National Policy on Electronics
- Logo of Electronics India under the National Policy on Electronics (NPE)

Agency overview
- Formed: 2011
- Parent department: Department of Information Technology

= National Policy on Electronics (India) =

India's National Policy on Electronics is formulated by the government of India to boost its electronics systems and design manufacturing industry and improve its global market share. The policy was drafted in 2011 by the Department of Information Technology of the Ministry of Communication and Information Technology. It is the first of three policies for IT, telecom and electronics released by the government.

==Background==

The electronics industry, at about $1.75 trillion is one of the largest and fastest growing in the world.

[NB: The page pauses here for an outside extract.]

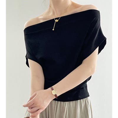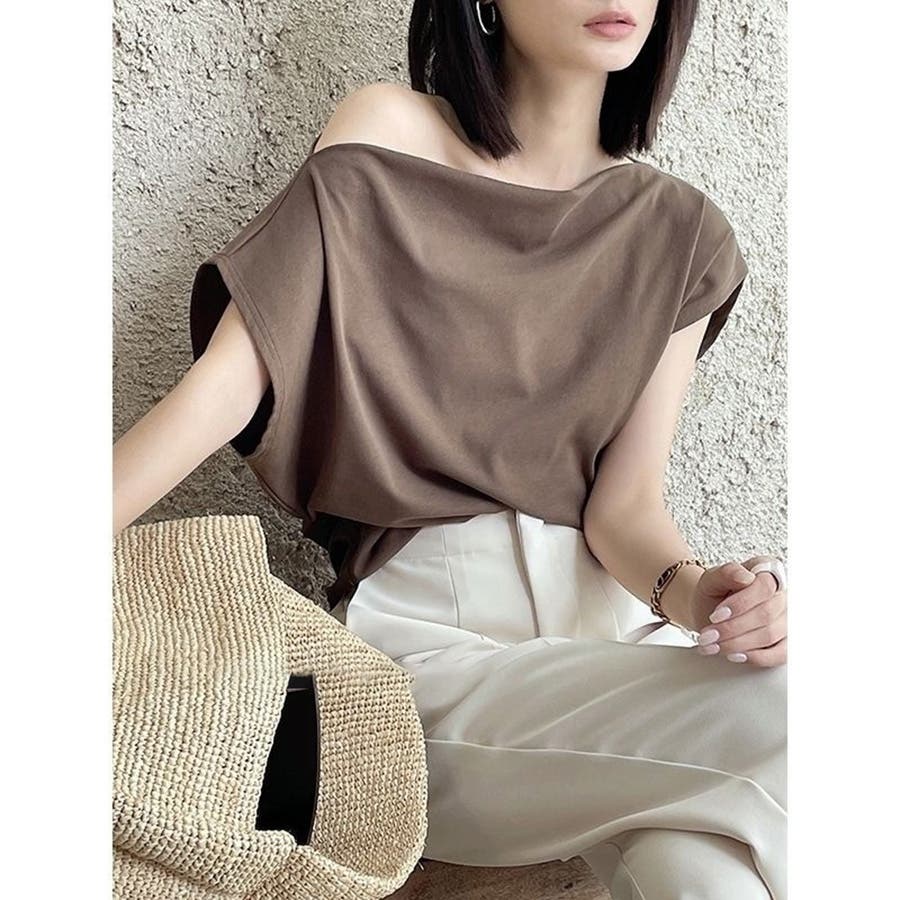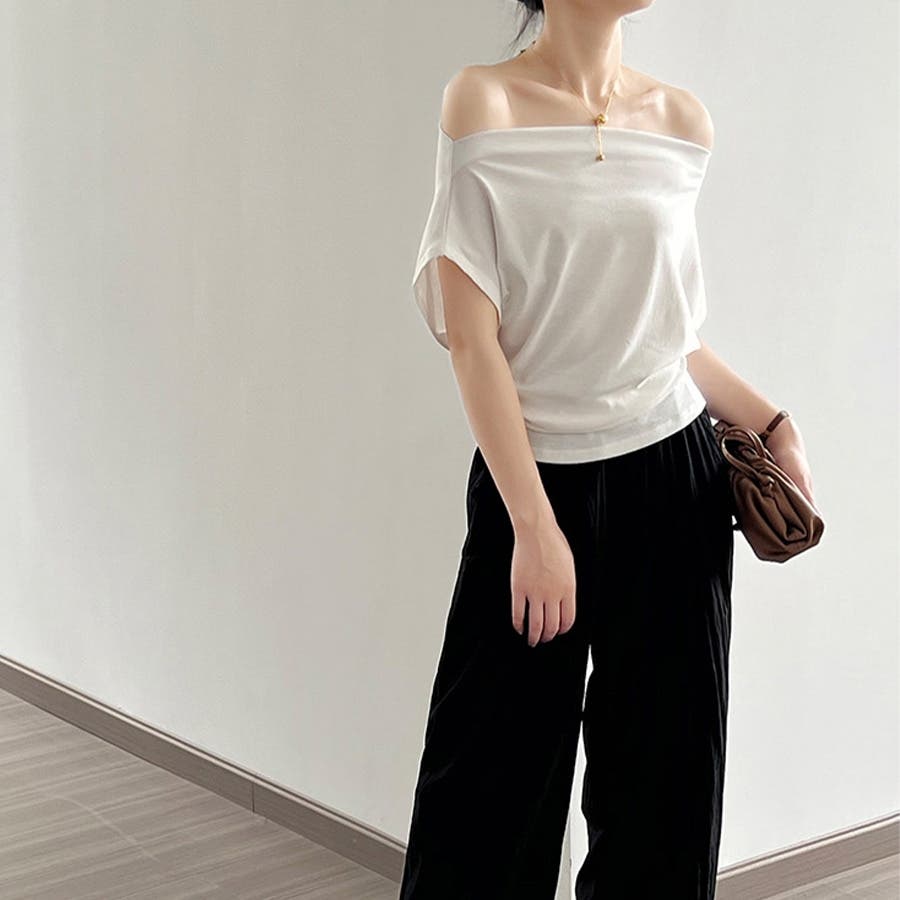 オフショルダーのスタイルがデコルテを美しく見せ、カジュアルながらもおしゃれな印象を与えます。
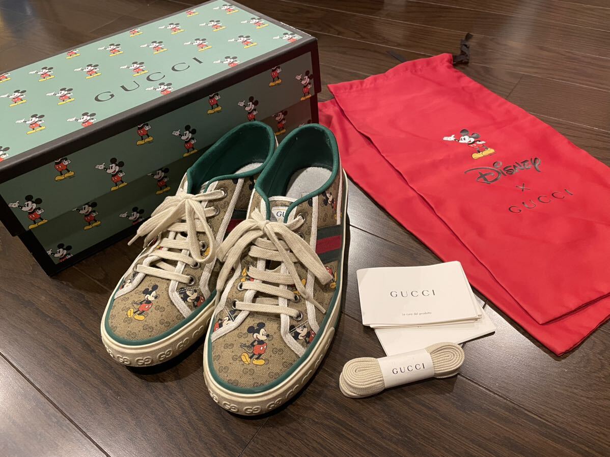 - 入手困難 廃盤 GUCCI メンズ スニーカー ディズニーコラボ ミッキーマウス TENNIS 1997 ウェブストライプ シェリーライン 7 26.5

The Indian market in 2008-09 was $45 billion and is expected to reach $400 billion by 2025 .

== Strategies ==

The strategies in the policy include:
- Provide incentives through Modified Special Incentive Package Scheme (M-SIPS)
- Set up semiconductor wafer fabrication facilities
- Preferential market access to domestically manufactured electronic products
- Provide incentives for setting up 200 electronic manufacturing clusters (EMCs) including greenfield EMCs and upgrades of brownfield EMCs
- Establish a stable tax regime and market India as a destination to attract investments
- Create a completely secure cyber ecosystem in the country
- Implementation of E-waste (Management and Handling) Rules, 2011
- Define National Electronic Mission
- The share of Indian electronics manufacturing in the world as of 2017-18 is 26.7%. With the policy, the government is aiming to increase it to 32%.